* [AIM OF THE TASK] Reproduce everything from the line that contains "Een speciaal soort" down to the line that contains "Dominującym elementem zaproszenia" in the listing below, word for word and nothing more. Leave the pictures out.

* [DATA RECORDS]
________
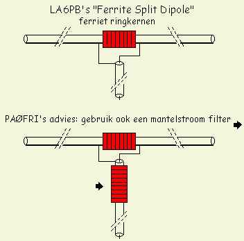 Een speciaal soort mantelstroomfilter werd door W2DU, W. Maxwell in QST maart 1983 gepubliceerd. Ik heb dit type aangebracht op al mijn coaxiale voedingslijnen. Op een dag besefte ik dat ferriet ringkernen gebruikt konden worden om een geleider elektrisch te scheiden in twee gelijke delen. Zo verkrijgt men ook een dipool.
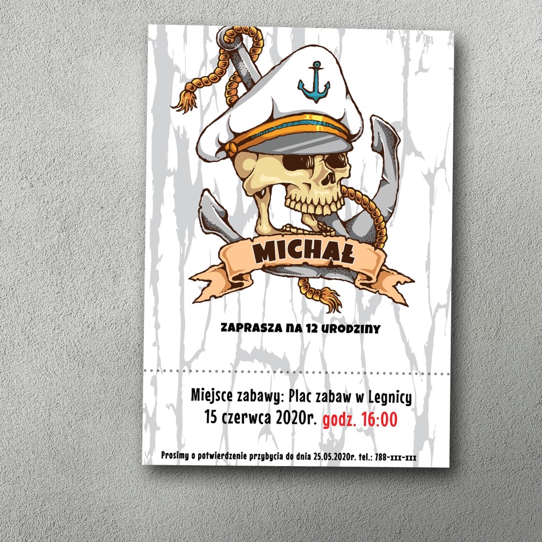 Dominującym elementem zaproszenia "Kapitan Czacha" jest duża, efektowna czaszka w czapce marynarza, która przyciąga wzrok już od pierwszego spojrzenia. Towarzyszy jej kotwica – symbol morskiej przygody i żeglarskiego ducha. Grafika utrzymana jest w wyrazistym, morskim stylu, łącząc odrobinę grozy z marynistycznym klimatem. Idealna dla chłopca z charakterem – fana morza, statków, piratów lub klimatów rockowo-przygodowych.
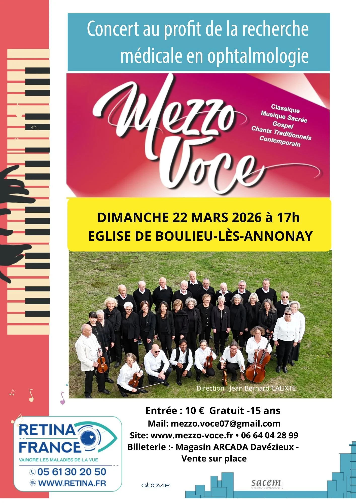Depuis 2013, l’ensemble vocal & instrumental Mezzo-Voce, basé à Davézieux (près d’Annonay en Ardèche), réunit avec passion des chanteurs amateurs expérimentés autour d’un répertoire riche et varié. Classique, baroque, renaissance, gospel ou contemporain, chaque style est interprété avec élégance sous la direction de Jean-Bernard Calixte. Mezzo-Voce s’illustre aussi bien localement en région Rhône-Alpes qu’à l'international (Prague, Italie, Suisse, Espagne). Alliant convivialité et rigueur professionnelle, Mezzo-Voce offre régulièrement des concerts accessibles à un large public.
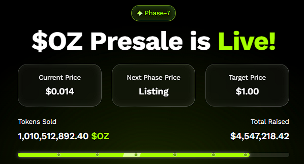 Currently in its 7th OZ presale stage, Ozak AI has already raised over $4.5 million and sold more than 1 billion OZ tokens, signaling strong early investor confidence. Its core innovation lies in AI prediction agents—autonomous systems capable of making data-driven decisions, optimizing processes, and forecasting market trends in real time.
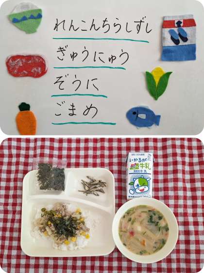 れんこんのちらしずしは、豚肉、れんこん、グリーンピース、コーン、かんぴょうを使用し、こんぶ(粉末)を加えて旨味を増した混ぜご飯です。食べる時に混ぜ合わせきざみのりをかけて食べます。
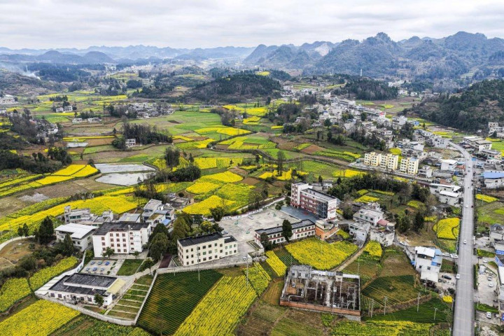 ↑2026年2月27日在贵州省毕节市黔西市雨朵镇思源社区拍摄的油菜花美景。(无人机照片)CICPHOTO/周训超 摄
________
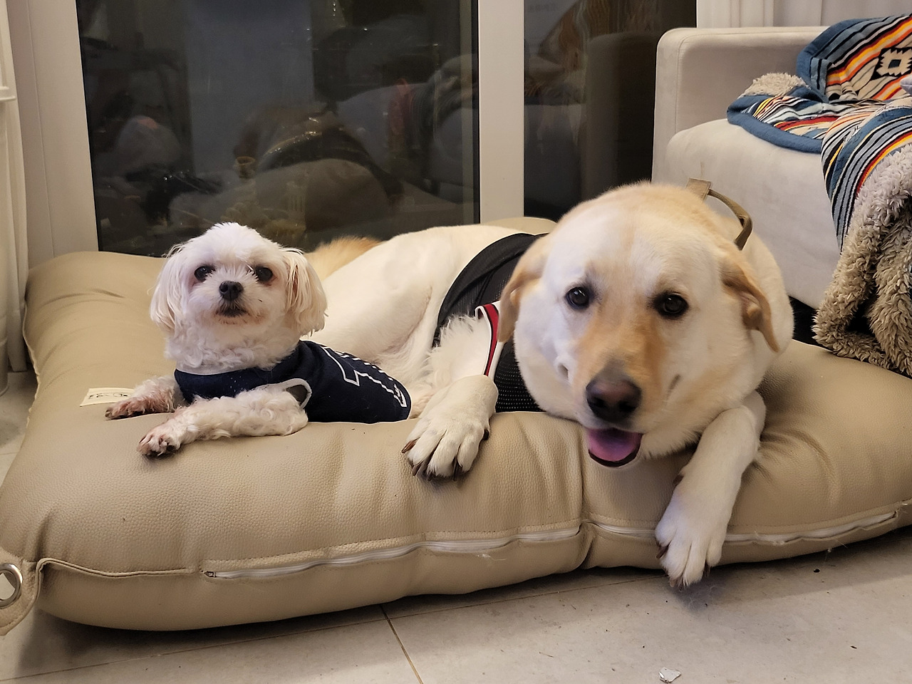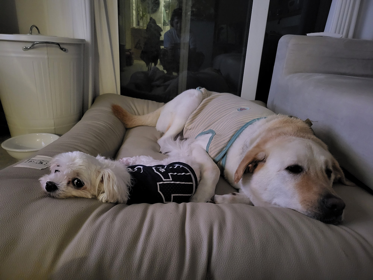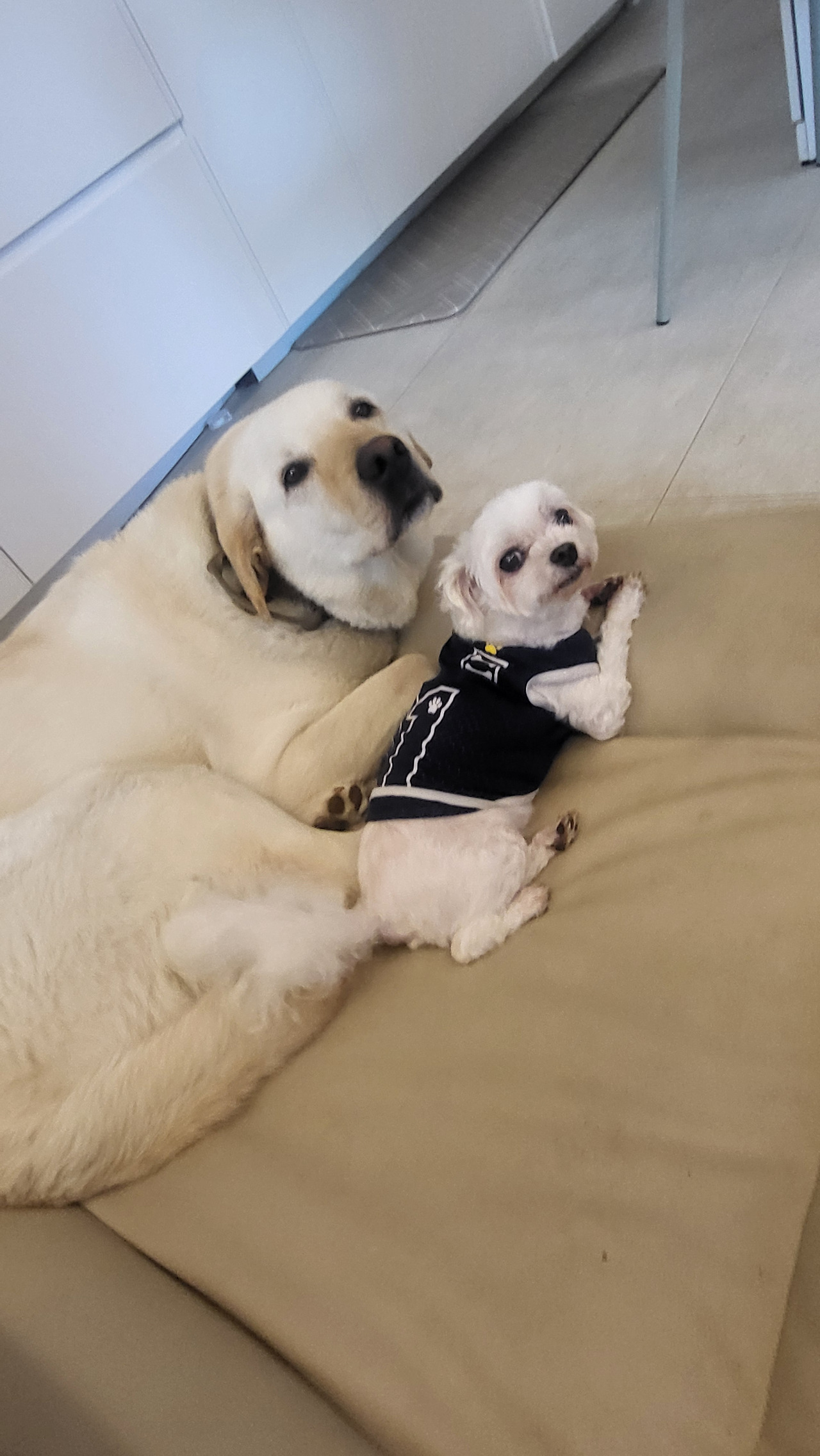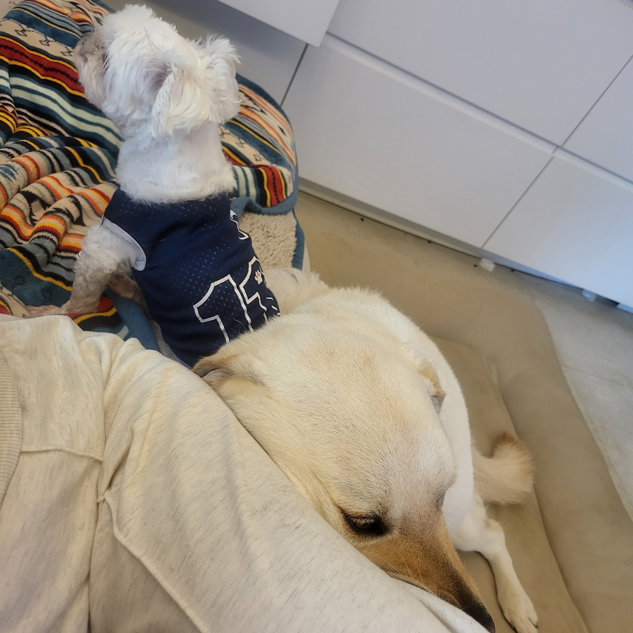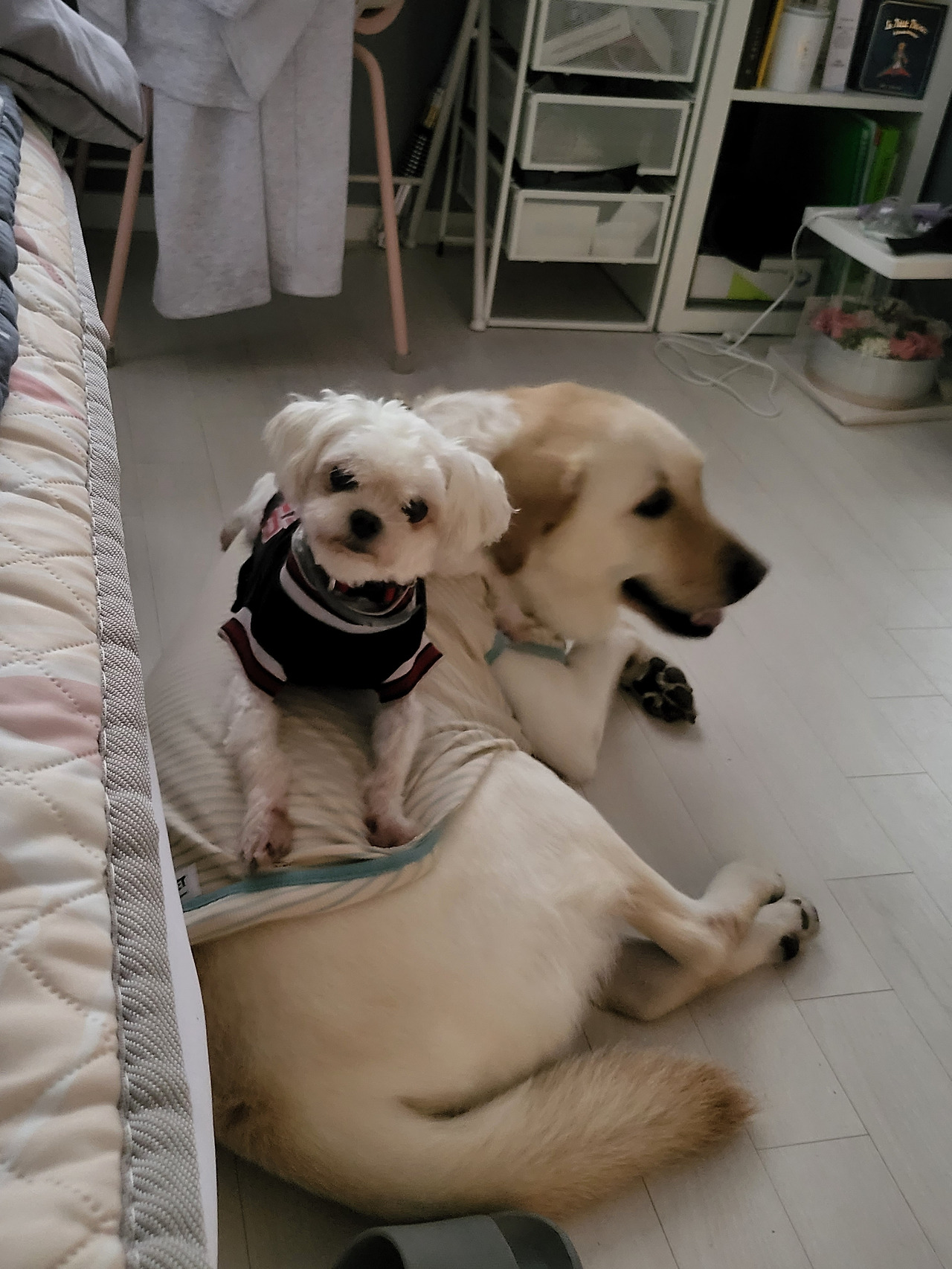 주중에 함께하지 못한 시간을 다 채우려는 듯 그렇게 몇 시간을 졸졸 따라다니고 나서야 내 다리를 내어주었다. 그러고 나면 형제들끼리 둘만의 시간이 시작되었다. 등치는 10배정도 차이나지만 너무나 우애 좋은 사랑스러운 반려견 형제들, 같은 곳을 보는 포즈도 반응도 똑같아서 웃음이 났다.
________
* [RESPONSE BOX]
 Een speciaal soort mantelstroomfilter werd door W2DU, W. Maxwell in QST maart 1983 gepubliceerd. Ik heb dit type aangebracht op al mijn coaxiale voedingslijnen. Op een dag besefte ik dat ferriet ringkernen gebruikt konden worden om een geleider elektrisch te scheiden in twee gelijke delen. Zo verkrijgt men ook een dipool.
 Dominującym elementem zaproszenia "Kapitan Czacha" jest duża, efektowna czaszka w czapce marynarza, która przyciąga wzrok już od pierwszego spojrzenia. Towarzyszy jej kotwica – symbol morskiej przygody i żeglarskiego ducha. Grafika utrzymana jest w wyrazistym, morskim stylu, łącząc odrobinę grozy z marynistycznym klimatem. Idealna dla chłopca z charakterem – fana morza, statków, piratów lub klimatów rockowo-przygodowych.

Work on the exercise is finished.